In Man vs The State Herbert Spencer remarks that “social organisation has laws over-riding individual wills; and laws disregard of which must be fraught with disaster.” Leaving aside the pertinent question: disaster for whom? I can see what Spencer is driving at. Most people who call themselves anarchists assume that the disappearance of the State will mean the disappearance of authority. Indeed, a favourite answer to those who argue against the possibility of a society existing without a government is to give examples of primitive societies which are or were stateless and ask, if they can function like this, why can’t we? For example, Hubert Deschamps in his book The Political Institutions of Black Africa describes tribes in which “There is no necessity for command, nor coercive institutions; conflicts are reduced to a minimum by the absence of social differences, making it impossible for one to rise above another, and above all, by the natural obedience to ancestral customs” (My emphasis). In such societies, then, there is no vertical authority exercised by a State, but there is a horizontal authority exercised by “society” in the form of “ancestral customs” — customs that are often more ubiquitous and despotic than modern governments! That such a model of social control is in the minds of some professed anarchists is shown by Nicolas Waiter in his pamphlet About Anarchism. Here he states that in “the most libertarian society” the “proper treatment of delinquency would be part of the educational and health system, and would not become an institutionalised system of punishment. The last resort would not be imprisonment or death, but boycott or expulsion.” The same “last resort” of many primitive societies against those who violate their customs is thus envisaged as a mechanism of an anarchist society, presumably on the grounds that we have a fine future in our past.

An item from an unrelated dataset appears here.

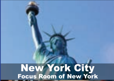
New York City Focus Room of New York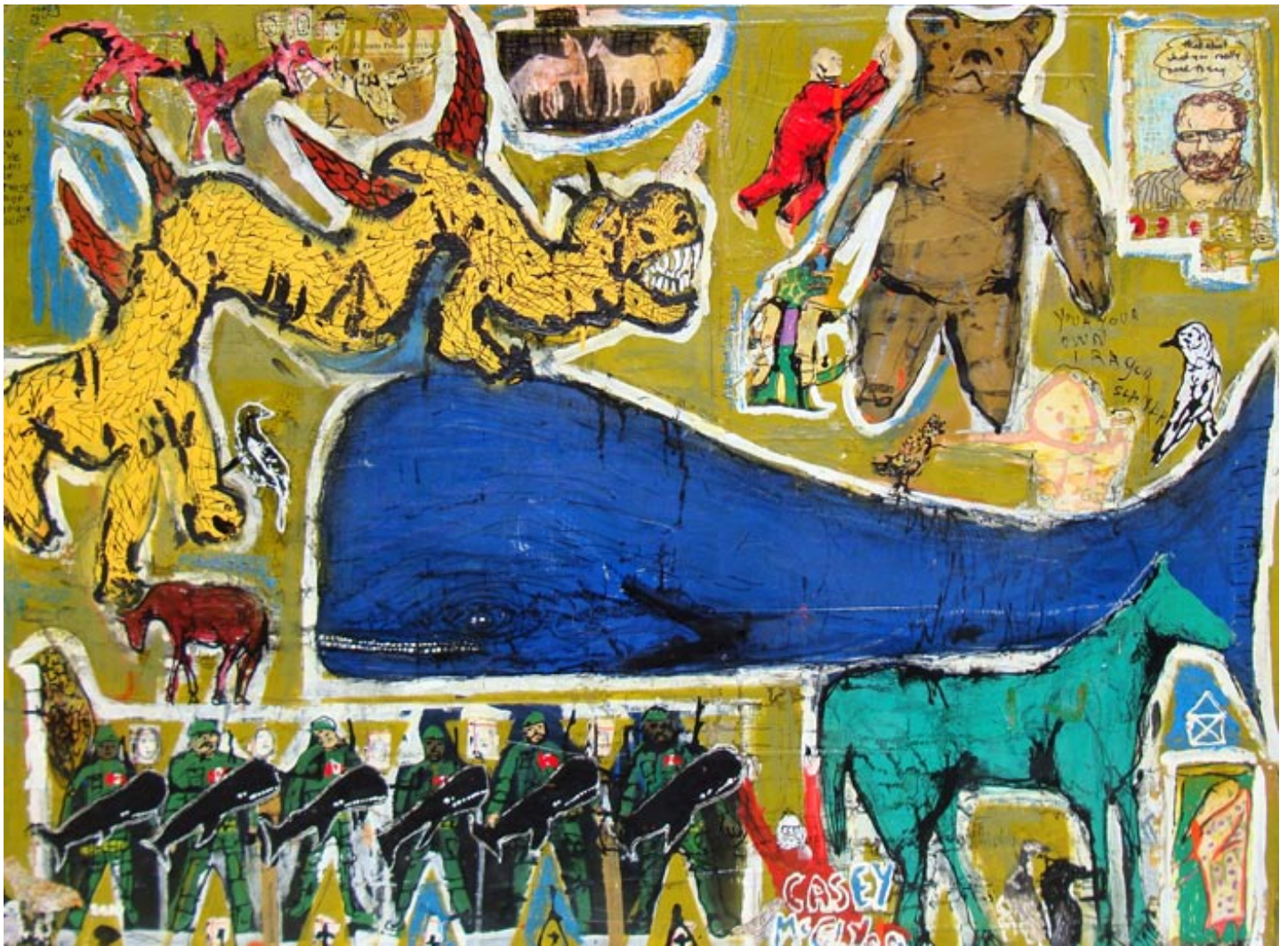
Think about what u Really need 2 say, 2010, mixed media on canvas 36 x 48 in. $2900

From what I know of history there does not seem to have been any organised collectivity which has been without authority, whether that of custom or of law. This is because all collectivises need norms to which their members must conform if they are to function. And these norms need sanctions to ensure that they are obeyed by any recalcitrant individual. These sanctions may be customary, religious, political, economic or moral, but they all add up to authority over the individual. Anarchism has never existed as a form of society, nor is it ever likely to. Indeed, I consider it a grave mistake to conceive of anarchism as a social theory; I do not expect any type of society to guarantee or to respect my individuality, for all societies seek to undermine the self- ownership which is its basis. All seek to principle my being and behaviour by ideals of co-operation, or competition, or brotherhood, or mutual benefit, or love as the dominant group in each society defines them. In all societies, therefore, the individual who is supposed to be the focal point of benefit gets lost in the welter of generalities which stand over and above his particularity and concreteness. Thus the war between the individual and society will go on as long as both exist. Anarchism is not a form of society. It is the cutting edge of individualism, the negative side of an egoist philosophy. The anarchist is not a peddler of schemes of social salvation, but a permanent resister of all attempts to subordinate the uniqueness of the individual to the authority of the collective. The anarchist is someone who refuses to be seduced even by the most glittering or most rational vision of a society in which diverse egoisms have been harnessed into harmonising one with another.
In the above-mentioned pamphlet by Nicolas Walter, the kind of anarchism I have outlined is rather scornfully dismissed as suitable for “poets and tramps,’ as “anarchy here and now, if not in the world, then in one’s own life”.
Indeed, and where and when else can one expect it?